Instagram Shop Image Specs: The Hidden Rules

June 06, 2026 · JPG.now Editorial · E-commerce & Marketplaces

Instagram Shop is not Instagram. The image rules that work for a regular feed post will get your product listing rejected, downranked, or silently cropped in ways that wreck your conversion. Meta documents the basic specs in three different help articles, none of which match. What follows is the merged, verified, working spec list pulled from current uploads on a live Shop catalog in 2026.

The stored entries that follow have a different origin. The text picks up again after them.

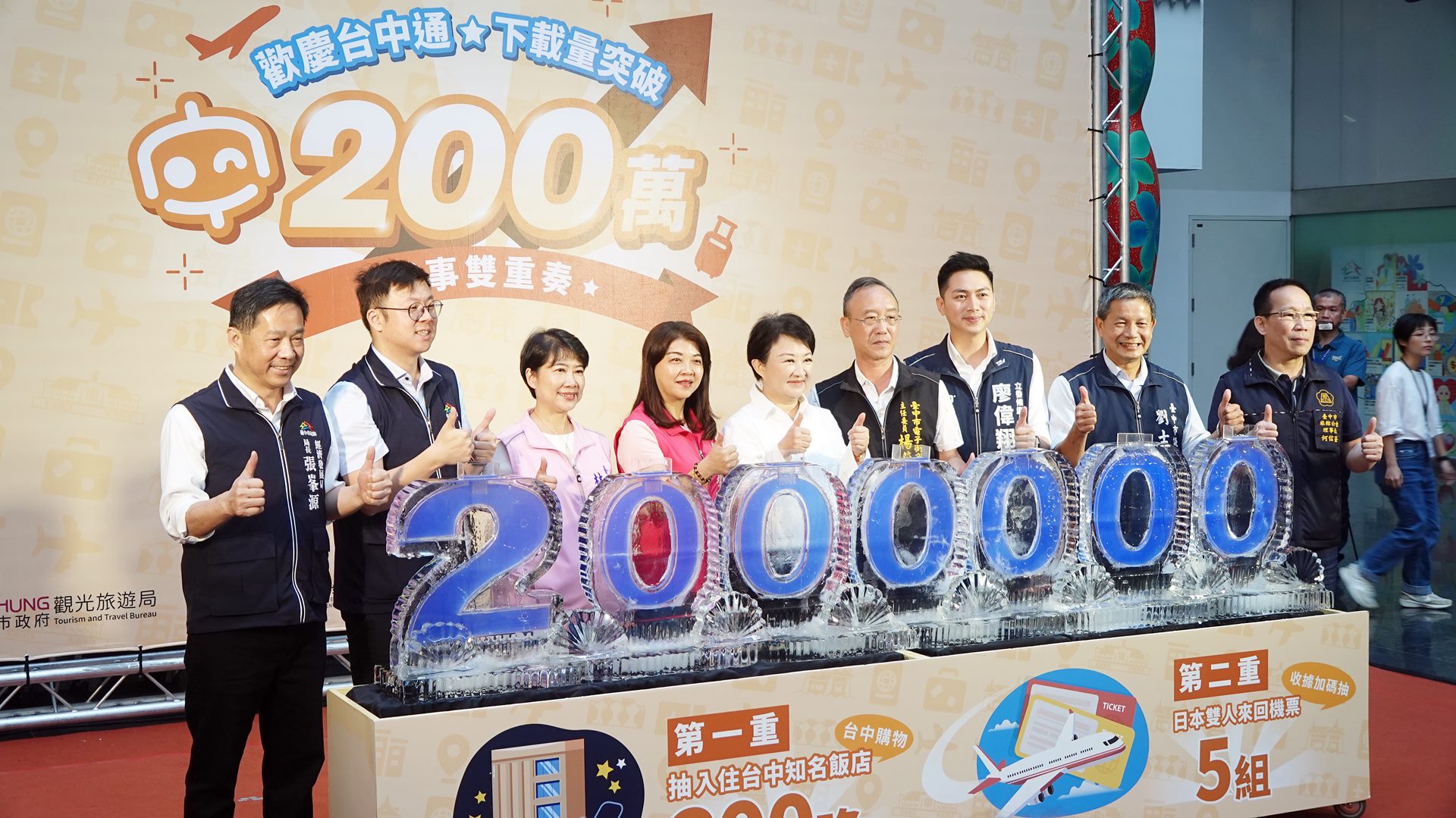 為歡慶下載數破200萬次,數位局聯手經發局、觀旅局推出「好事雙重奏」活動,配合購物節加碼送出台中知名飯店200晚住宿券、5組日本雙人來回機票,以及「驚喜抽」台中知名飯店豪華渡假房住宿一晚,邀請全國民眾下載「台中通」暢遊大台中。
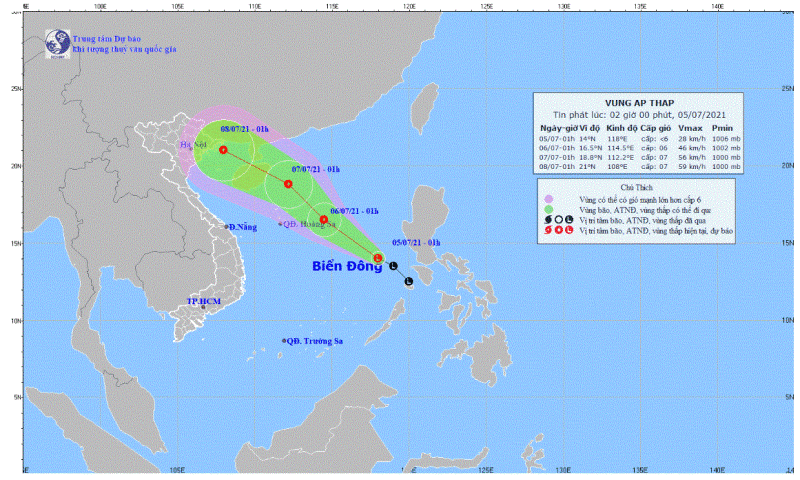 Sáng 5/7, Trung tâm Dự báo Khí tượng Thủy văn Quốc gia cho biết vùng áp thấp ở miền trung Philippines đã di chuyển vào Biển Đông. Lúc 7h, trung tâm vùng áp thấp cách quần đảo Hoàng Sa khoảng 580 km về phía đông nam.
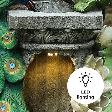 Peacock LED Garden Water Feature
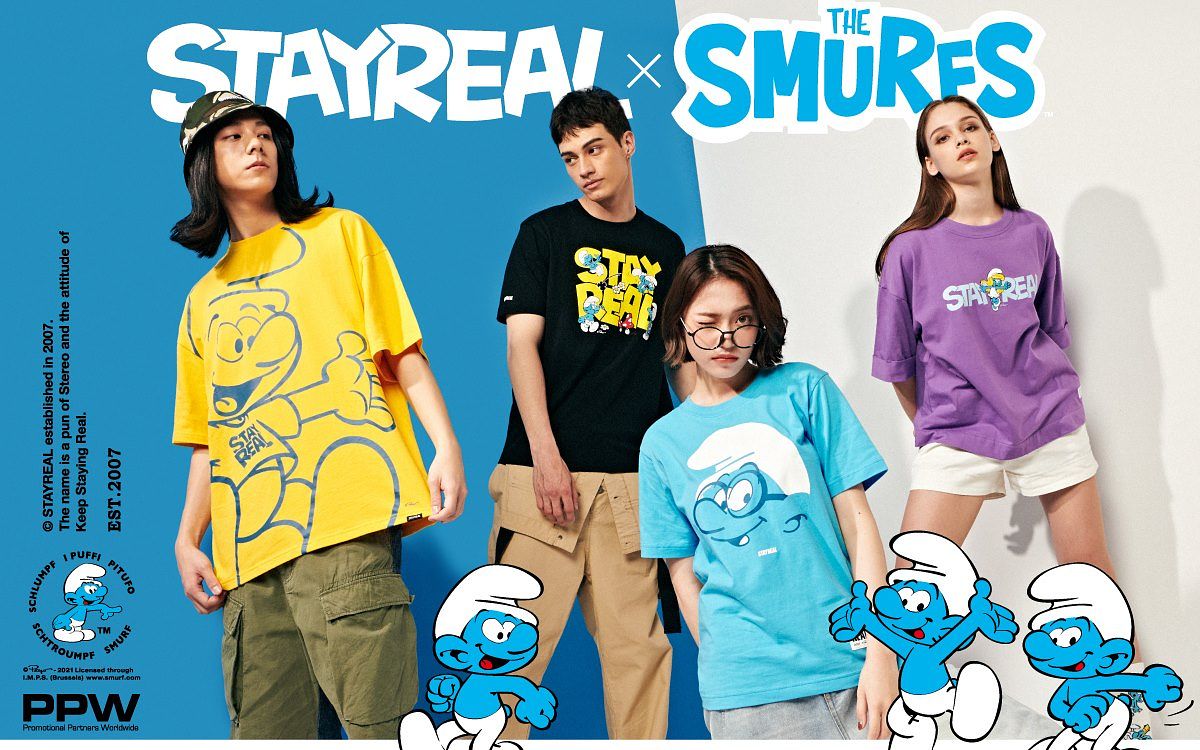 來自比利時的經典動畫卡通「THE SMURFS藍色小精靈」,以生動活潑的趣味故事風靡全球,其獨特鮮明的人物形象活躍在各大領域,包括電視、電影、主題公園、潮流服飾、遊戲等,廣受國際品牌的高度青睞。2021年夏季STAYREAL 首度與藍色小精靈推出聯名系列,以「潮流冒險王」為主題,集結多位主角人物齊登場,展現藍色小精靈集機智與勇敢於一身的獨特性,傳遞森林世界的冒險精神與快樂生活。

If you are a small brand owner, a Shopify merchant syncing a catalog into Meta, or a marketing manager wondering why your product tiles look fine on desktop but cropped on mobile, this is the missing reference. It covers every display context, every format requirement, every silent failure mode, and the exact pre-compression recipe that survives Meta's pipeline intact.

Background and context

Instagram Shop launched in 2018 as a way for brands to tag products in posts and stories. The catalog backend was rebuilt in 2020 to feed both Instagram Shop and Facebook Shops from a single product database. Since then the rules have drifted — Meta has tightened some specs (HEIC was quietly dropped in 2022), loosened others (multi-image support expanded to 20 images per product), and added new display contexts (the checkout sheet was added in 2023). The result is a moving target that no single help article fully describes.

The dimensions Meta will not put in one place

Instagram Shop product images have four distinct display contexts: the catalog grid tile, the product detail page, the tagged-product overlay in feed posts, and the checkout sheet. Each one crops your image differently.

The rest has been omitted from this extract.